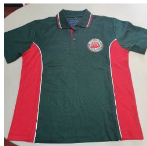
Primary Sports Polo Years 3 – 6
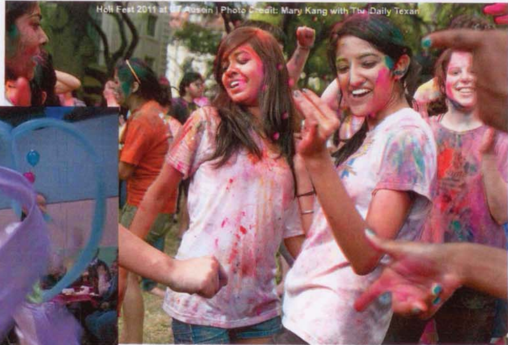
Holi Fest 2011 at UT Austin
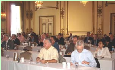
Delegates at Monday's General Session.
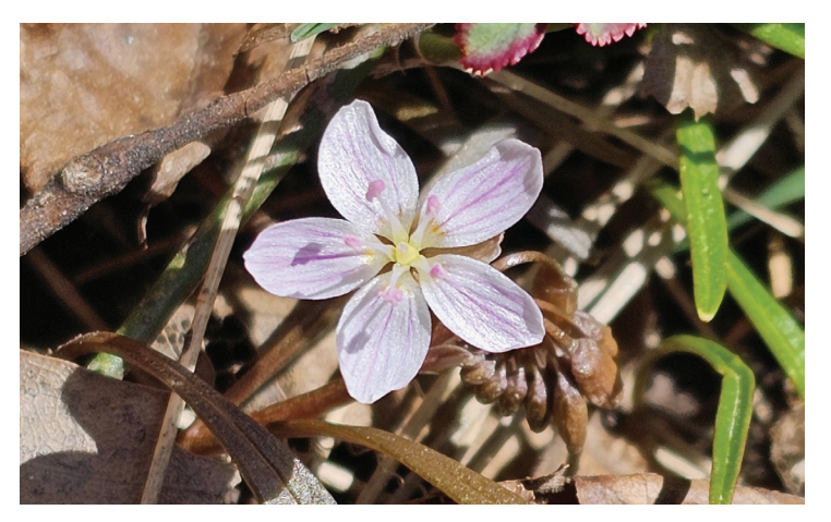
Virginia spring beauty found on Rishel-Grove conservation easement in Columbia County
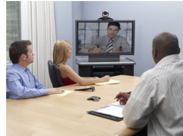
Polycom HDX 6000 or 7000
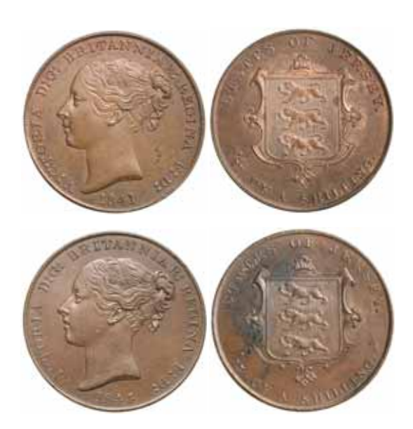
lot 2425 part

collections, from a Spink Sale 102 (lot 3172).

==========

* What the task asks: Leave the pictures out, and retype exactly the lines from the one containing "Holi Fest 2011 at UT Austin" through the last line of the entries above, both included.

* Answer space:
Holi Fest 2011 at UT Austin
Delegates at Monday's General Session.
Virginia spring beauty found on Rishel-Grove conservation easement in Columbia County
Polycom HDX 6000 or 7000
lot 2425 part

collections, from a Spink Sale 102 (lot 3172).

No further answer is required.